Сержант Чернецов со снисходительной улыбкой осматривает наши личные вещи, что-то выкидывается сразу-же, ложки, кружки относим в столовую. Определили меня в пятый взвод, командовал пока, что им командир второго отделения младший сержант Лебедев, командир первого отделения сержант Рудевич где-то в командировке, поехал за очередным пополнением, там же и командир взвода. Первые дни пока не было пополнения, все как-то было спокойно, казарма наполовину пустая, занятий нет. Первые наряды на КПП, учебному корпусу, дневальным показались чересчур легкими, и только наряд в столовую вызвал отвращение. Утренняя зарядка заключалась в том, чтобы добежать в одних трусах до Парка Победы, где недавно посадили молодые деревья, взять ведра и вылить под каждое дерево три, четыре ведра. Гораздо более досаждала жара, иной день доходило до 48 градусов в тени.

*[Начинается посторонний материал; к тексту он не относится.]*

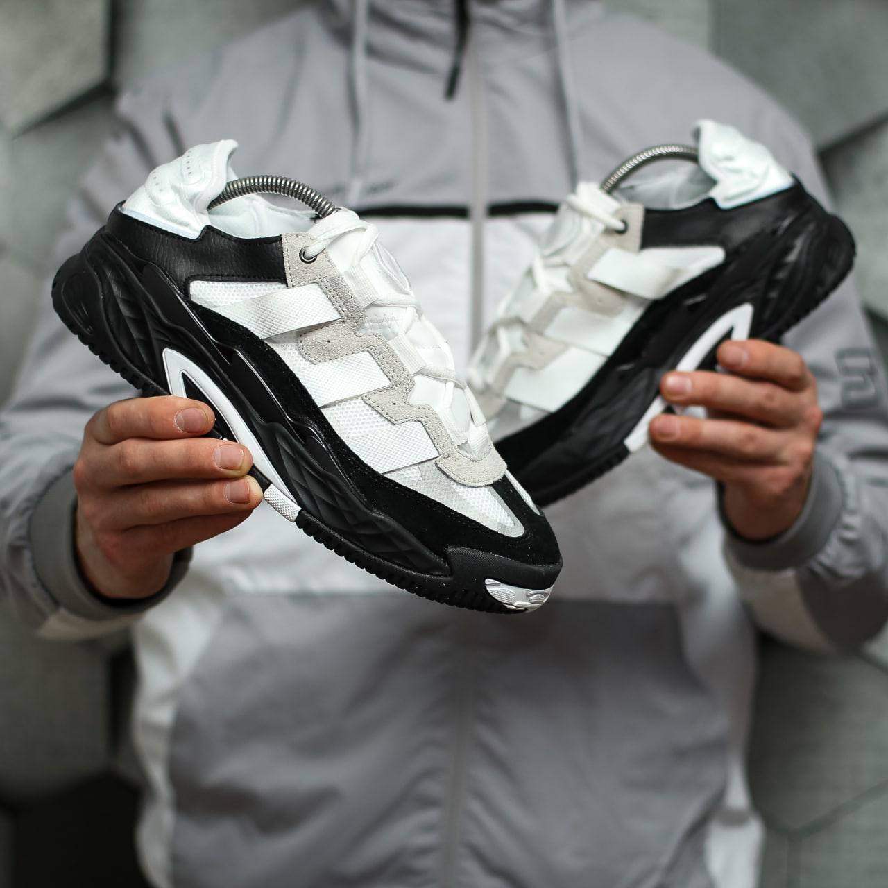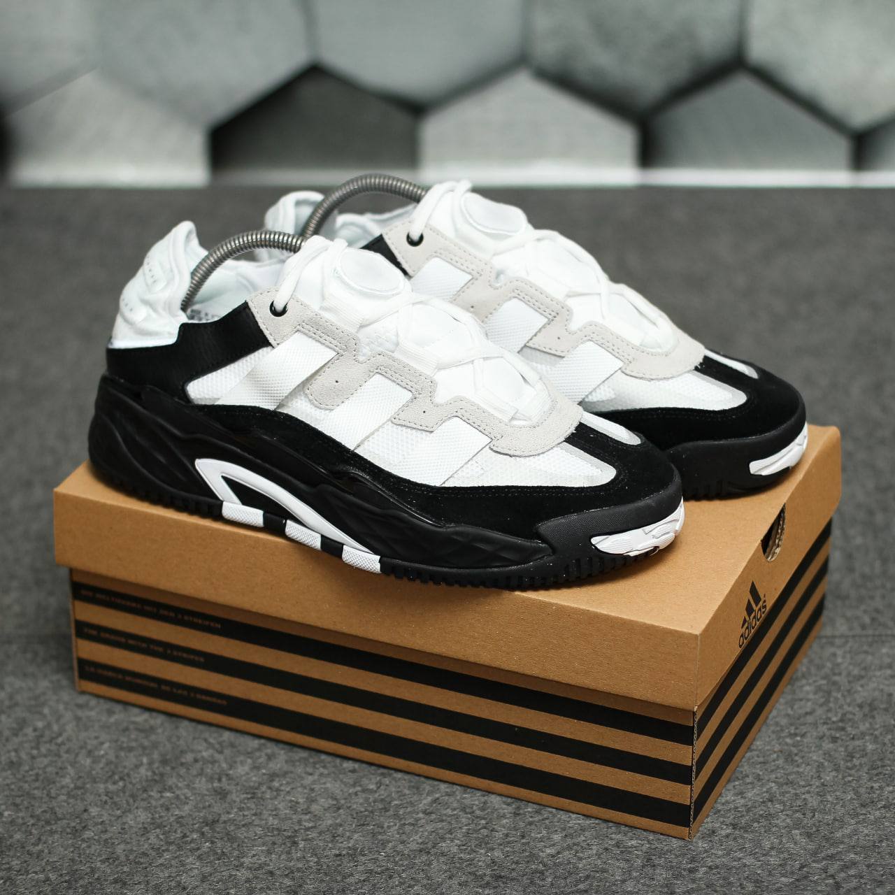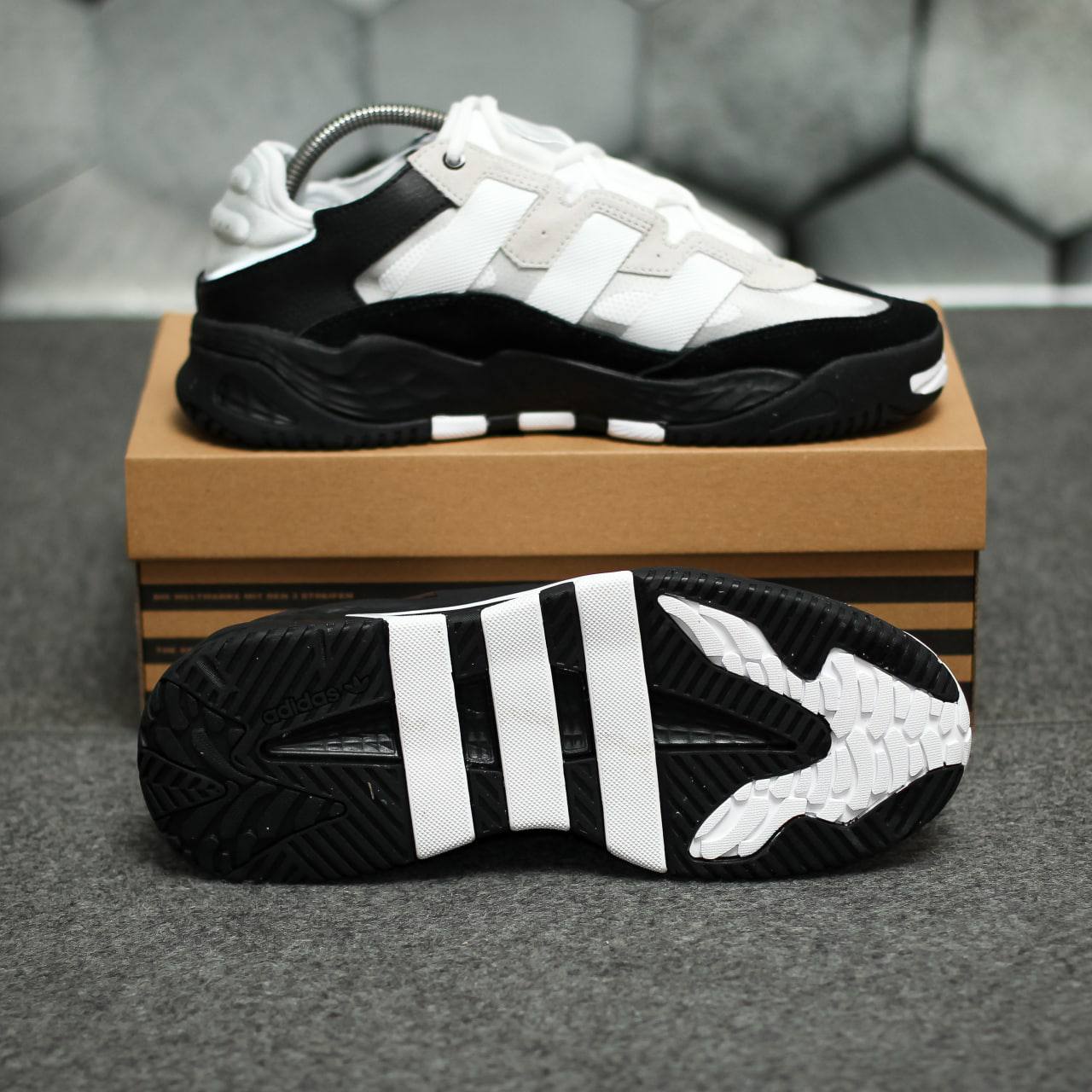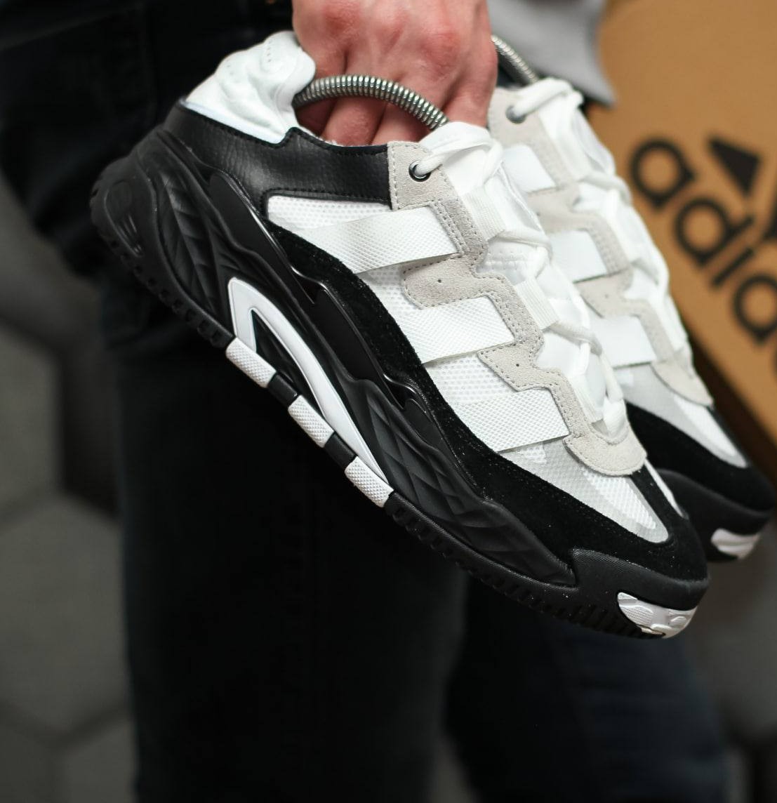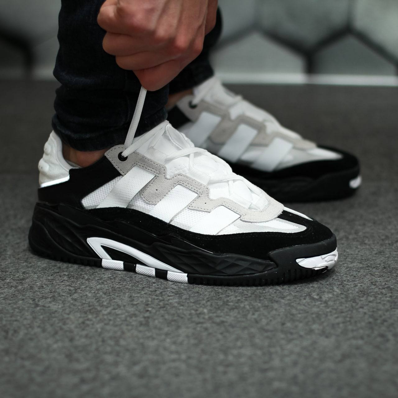 Adidas Niteball  — це виразні кросівки в біло-чорному кольорі з масивним силуетом і світловідбивними деталями, натхненні баскетбольним стилем 90-х.
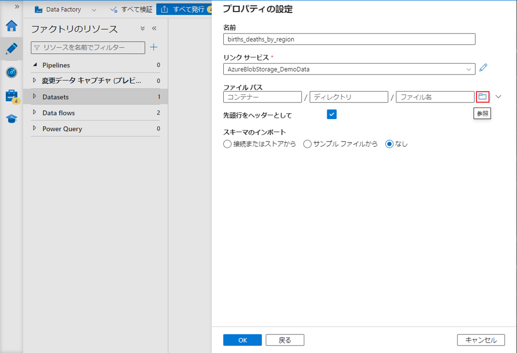 3.Azure Data Factory へ CSV ファイルをインポートする
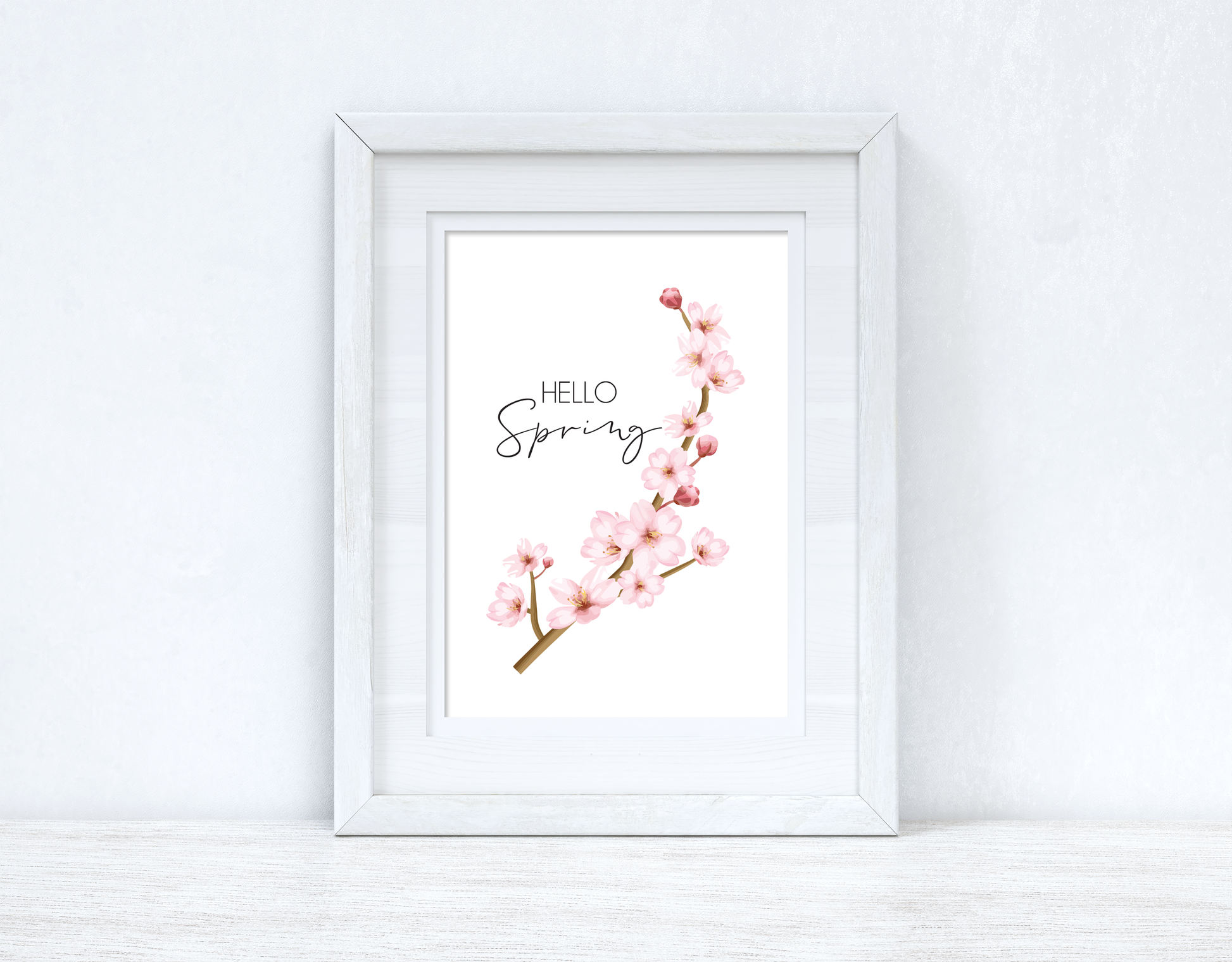 Hello Spring Cherry Blossom Spring Seasonal Wall Home Decor Print
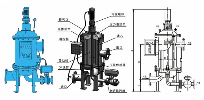 全自動(dòng)反沖洗過濾器外形結(jié)構(gòu)圖:
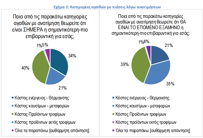 Όπως φαίνεται στο σχήμα 2, ως προς τις κατηγορίες προϊόντων με τη μεγαλύτερη επιβάρυνση, οι καταναλωτές εκτιμούν ότι η μεγαλύτερη επιβάρυνση σήμερα είναι από τις τιμές καυσίμων-ενέργειας (αθροιστικά) και τις τιμές τροφίμων.
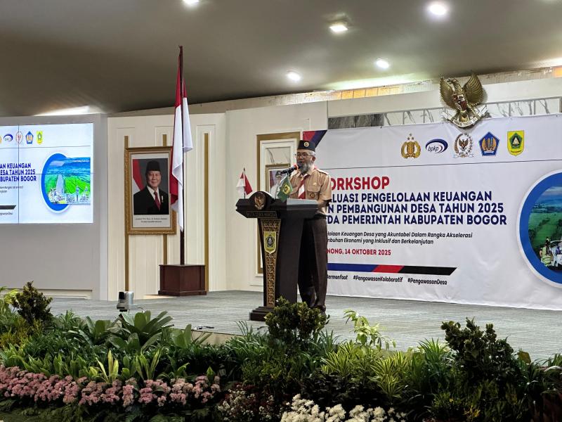 Kabarindoraya.com | Bogor – Pemerintah Kabupaten (Pemkab) Bogor bersama Badan Pengawasan Keuangan dan Pembangunan (BPKP) Provinsi Jawa Barat menggelar Workshop Evaluasi Pengelolaan Keuangan dan Pembangunan Desa Tahun 2025, kepada kepala Desa se-Kabupaten Bogor yang bertempat di Ruang Serbaguna I Sekretariat Daerah Kabupaten Bogor, Selasa (14/10/25). Kegiatan ini menjadi forum strategis untuk memperkuat tata kelola keuangan desa yang akuntabel serta mendorong pembangunan desa yang berkelanjutan di wilayah Kabupaten Bogor.
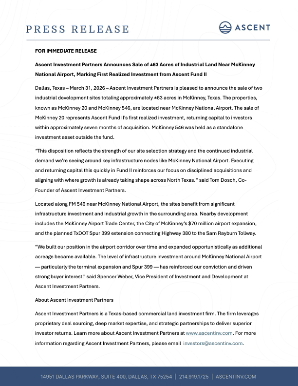 Ascent Investment Partners Announces Sale of ±63 Acres of Industrial Land Near McKinney National Airport, Marking First Realized Investment from Ascent Fund II
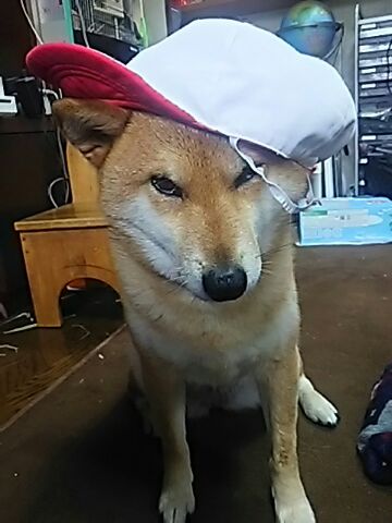 帽子を被せられたさくらちゃん…凄く嫌そう~。
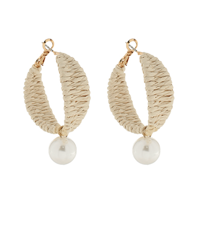 Pearl Dangle Rattan Hoops

Еще в первые дни нам объяснили, что нужно хорошо мыть ноги, стирать носки, воду из-под крана пить нельзя (в Самарканде нет канализации, поэтому дизентерия здесь очень распространенная болезнь). Все же находятся умники не стирают носки, ноги заболевают грибком, вонь стоит жуткая. Вместо воды каждое утро заливаем наши 1,5 литровые пластмассовые фляги горячим чаем (на 900 л. воды 15 кг. верблюжьей колючки и 100 гр. зеленого чая). Остатки приносят в казарму, где разливают по графинам (стояли на каждой тумбочке на подносах, вместе с четырьмя стаканами). Те же, кто не удерживался и пил воду из-под крана проводил несколько дней в мучениях, а первую ночь в бесконечной беготне в туалет. Туалет был расположен метрах в двухстах от казармы, и не всем удавалось добежать до него, и такой солдат делал в штаны. Проснешься утром, а кто-то уже сидит сушится, благо все это быстро происходило, утром часа за два, в обед за 30 – 40 минут. Вскоре только единицы не выдерживали и пробовали пить сырую воду (в основном ребята из Прибалтики), стыдно, а вдруг не добежишь.
Из положительного, что сразу понравилось, был послеобеденный сон. Это здесь необходимость, так как очень быстро после 12 часов можно получить солнечный удар, до 15 часов было самое страшное время. Кормили же нас отвратительно, вот что можно было есть всегда, так это картошку, гречневую кашу, вареные яйца, хлеб, сливочное масло, фрукты, чай и компот. Первое время постоянно присутствует чувство голода, особенно у выходцев из Прибалтики. Помню, как один эстонец Паул Кывамаа, каждый день после обеденного сна шел в магазинчик танкового полка и покупал себе по пять-шесть пирожных. Где он умудрялся прятать деньги неизвестно, возможно у своего земляка, почти дембеля, заведующего свинарником бригады связи. Кстати он вскоре совсем перестал заниматься и перешел жил в свинарник, его готовили в преемники на это место.
В первый же день когда узнал адрес части, то аж голова закружилась, именно здесь год назад служил мой одноклассник Эдик Десятник, которому я сюда писал письма. Бывает же такое. А мой сержант Рудевич служил вместе с ним в одном взводе. Рудевич появился в один из вечеров, когда я заступил в наряд по учебному корпусу. Поднимается по лестнице незнакомый мне сержант, в парадной форме, с суками и довольной, наглой улыбкой. После моего рапорта, он стукнул меня в грудь кулаком и спросил в каком я взводе, еще один удар и он говорит, как мне повезло, так как я в его взводе. Еще один удар и я уже верю в это. Это произошло в первых числах июля, рота уже была полностью укомплектована, и нас стали готовить к принятию присяги.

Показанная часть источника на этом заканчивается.